Exercise details. This task calls for the lines below starting at the one containing "to his style." and ending at the one containing "- Туалетный столик", repeated exactly with both ends kept and pictures left out.

Dataset extract.
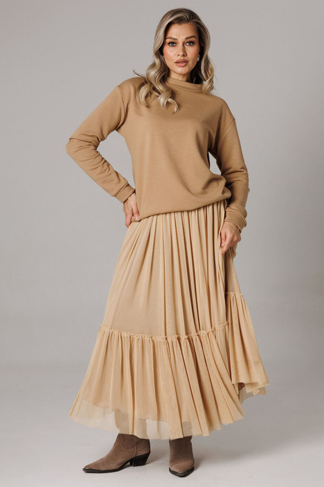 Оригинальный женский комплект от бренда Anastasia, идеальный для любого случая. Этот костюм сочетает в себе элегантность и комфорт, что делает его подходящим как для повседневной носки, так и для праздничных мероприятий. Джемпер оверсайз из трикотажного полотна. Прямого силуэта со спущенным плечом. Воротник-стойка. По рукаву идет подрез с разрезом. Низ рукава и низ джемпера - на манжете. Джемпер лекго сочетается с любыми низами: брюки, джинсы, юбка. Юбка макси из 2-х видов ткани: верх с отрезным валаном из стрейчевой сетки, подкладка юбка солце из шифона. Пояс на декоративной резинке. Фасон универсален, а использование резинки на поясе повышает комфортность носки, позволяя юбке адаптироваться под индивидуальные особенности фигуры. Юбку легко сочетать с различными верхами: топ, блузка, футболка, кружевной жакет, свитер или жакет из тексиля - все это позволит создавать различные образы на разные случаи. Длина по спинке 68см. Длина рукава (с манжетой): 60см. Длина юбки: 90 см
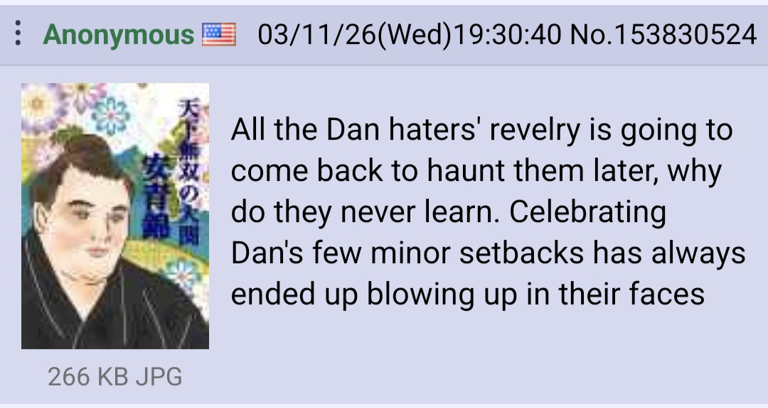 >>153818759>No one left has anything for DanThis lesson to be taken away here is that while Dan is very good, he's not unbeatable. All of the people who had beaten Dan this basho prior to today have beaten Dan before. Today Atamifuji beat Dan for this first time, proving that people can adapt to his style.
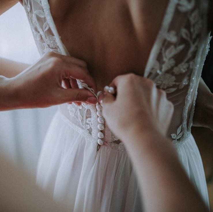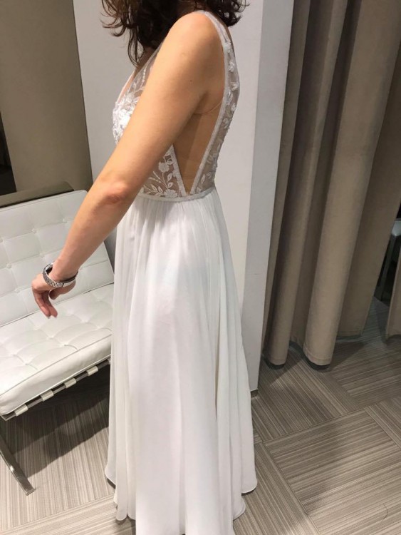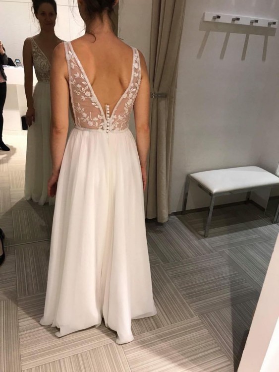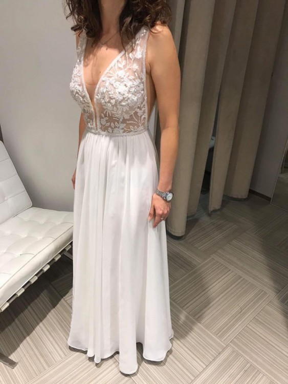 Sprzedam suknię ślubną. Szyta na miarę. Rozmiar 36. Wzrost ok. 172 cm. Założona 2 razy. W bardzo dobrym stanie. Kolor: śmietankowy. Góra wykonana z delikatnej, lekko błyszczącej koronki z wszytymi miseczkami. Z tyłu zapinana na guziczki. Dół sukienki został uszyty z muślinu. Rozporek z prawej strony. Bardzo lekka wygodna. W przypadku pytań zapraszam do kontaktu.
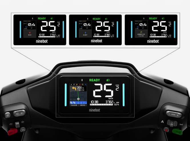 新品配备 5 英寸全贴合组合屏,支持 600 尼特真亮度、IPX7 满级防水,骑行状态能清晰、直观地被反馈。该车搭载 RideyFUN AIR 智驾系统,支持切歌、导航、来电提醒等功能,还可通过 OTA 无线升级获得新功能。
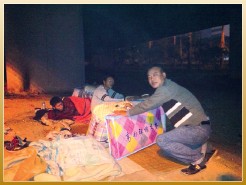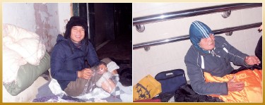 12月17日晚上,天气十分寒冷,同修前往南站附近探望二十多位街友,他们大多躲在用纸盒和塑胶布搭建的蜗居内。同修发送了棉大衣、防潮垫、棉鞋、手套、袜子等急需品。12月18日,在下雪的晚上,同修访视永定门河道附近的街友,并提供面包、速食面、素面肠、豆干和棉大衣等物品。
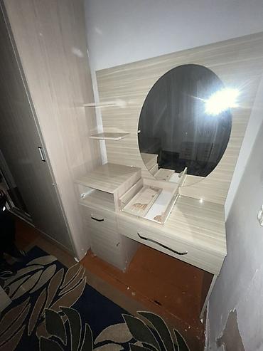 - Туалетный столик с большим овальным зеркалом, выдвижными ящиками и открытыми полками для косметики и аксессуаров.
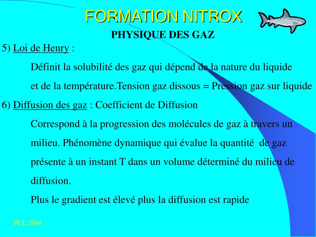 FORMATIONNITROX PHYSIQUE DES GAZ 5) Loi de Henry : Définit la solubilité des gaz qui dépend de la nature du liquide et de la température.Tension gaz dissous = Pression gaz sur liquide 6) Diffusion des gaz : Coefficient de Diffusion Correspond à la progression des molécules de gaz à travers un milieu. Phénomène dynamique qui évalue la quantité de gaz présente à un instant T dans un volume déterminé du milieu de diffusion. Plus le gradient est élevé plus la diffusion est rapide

Reply to the task.
 >>153818759>No one left has anything for DanThis lesson to be taken away here is that while Dan is very good, he's not unbeatable. All of the people who had beaten Dan this basho prior to today have beaten Dan before. Today Atamifuji beat Dan for this first time, proving that people can adapt to his style.
 Sprzedam suknię ślubną. Szyta na miarę. Rozmiar 36. Wzrost ok. 172 cm. Założona 2 razy. W bardzo dobrym stanie. Kolor: śmietankowy. Góra wykonana z delikatnej, lekko błyszczącej koronki z wszytymi miseczkami. Z tyłu zapinana na guziczki. Dół sukienki został uszyty z muślinu. Rozporek z prawej strony. Bardzo lekka wygodna. W przypadku pytań zapraszam do kontaktu.
 新品配备 5 英寸全贴合组合屏,支持 600 尼特真亮度、IPX7 满级防水,骑行状态能清晰、直观地被反馈。该车搭载 RideyFUN AIR 智驾系统,支持切歌、导航、来电提醒等功能,还可通过 OTA 无线升级获得新功能。
 12月17日晚上,天气十分寒冷,同修前往南站附近探望二十多位街友,他们大多躲在用纸盒和塑胶布搭建的蜗居内。同修发送了棉大衣、防潮垫、棉鞋、手套、袜子等急需品。12月18日,在下雪的晚上,同修访视永定门河道附近的街友,并提供面包、速食面、素面肠、豆干和棉大衣等物品。
 - Туалетный столик с большим овальным зеркалом, выдвижными ящиками и открытыми полками для косметики и аксессуаров.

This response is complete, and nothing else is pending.